- Starring: Katherine Kennedy Sophie Pyle Krista Johnson
- Country of origin: United States
- No. of seasons: 1
- No. of episodes: 6

Production
- Executive producers: Julie Pizzi Patty Ivins

Original release
- Network: MTV Australia
- Release: August 5 – September 9, 2009

= Blonde Charity Mafia =

Blonde Charity Mafia is a reality television series produced by Patty Ivins and Julie Pizzi of PB&J Television that followed the lives of three socialites whose lives revolved around charity events. Although the show never aired in the United States, it did air on MTV Australia, MTV UK, and MTV New Zealand, as well as on Star! and other channels in multiple other countries.

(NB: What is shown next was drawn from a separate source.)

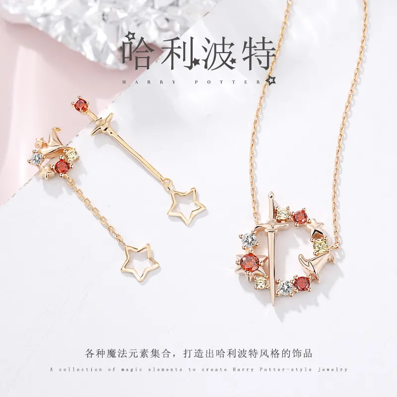 S925纯银哈利波特周边格兰芬多狮院项链锁骨链耳钉日系电影迷礼物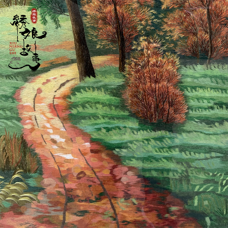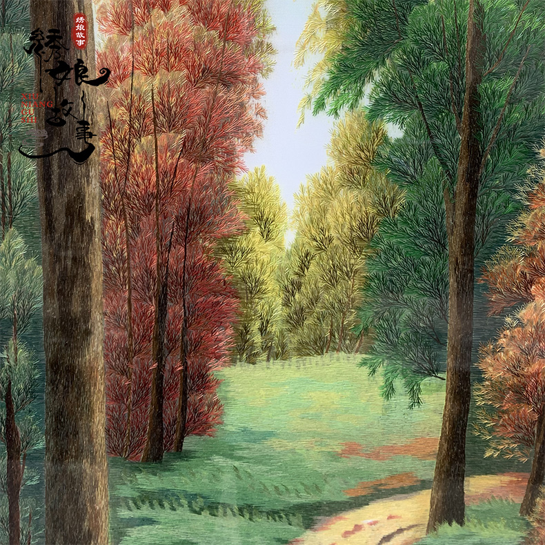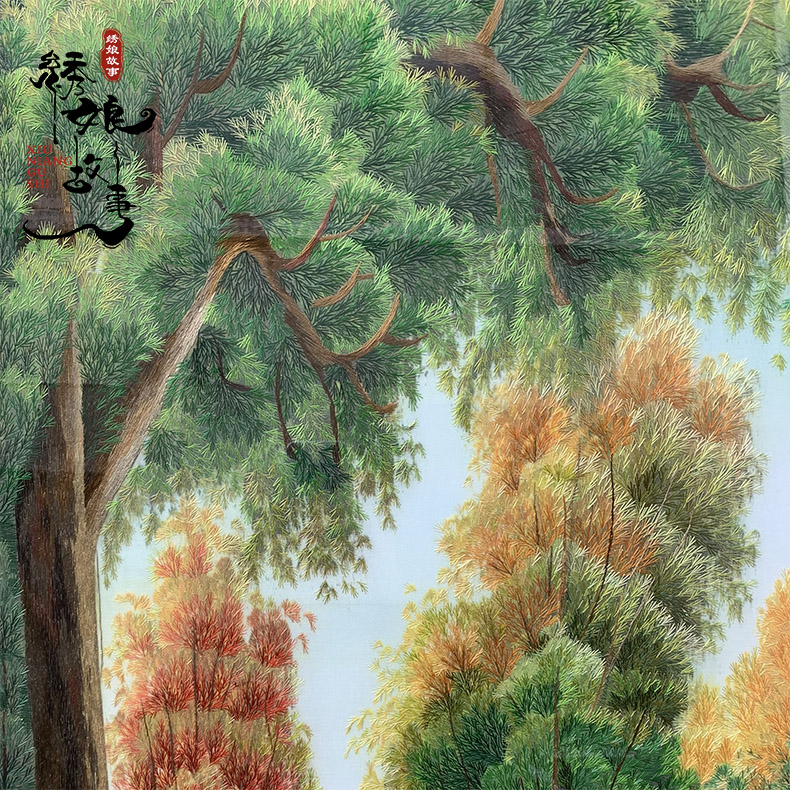 Embroidery story Su embroidery finished hanging painting European style Fenglin landscape painting Villa porch corridor vertical decorative painting

The show was bootlegged from Europe, and had a cult-like following in the United States for a brief period of time.

== Network and premiere date changes and cancellation ==
Blonde Charity Mafia was developed by the Lifetime network, and filmed in September 2008 on location in Washington, D.C. After production was completed, Lifetime decided to sell the series to The CW rather than airing it. The CW scheduled the series premiere for July 7, 2009 at 9 p.m. Eastern/8 p.m. Central. However, the network later decided to forgo all new programming for that summer, and planned to broadcast the series in the winter as a midseason replacement. Sometime after that, The CW apparently lost interest in the show; it removed references to the series from its websites, and on December 29, officially confirmed that it would not air on the network. Blonde Charity Mafia was apparently dropped in favor of two reality series developed by The CW, Fly Girls, about Virgin America flight attendants, and High Society, which followed socialite Tinsley Mortimer. On May 20, 2010, not long after completing their eight-episode runs, both of these series were canceled as well.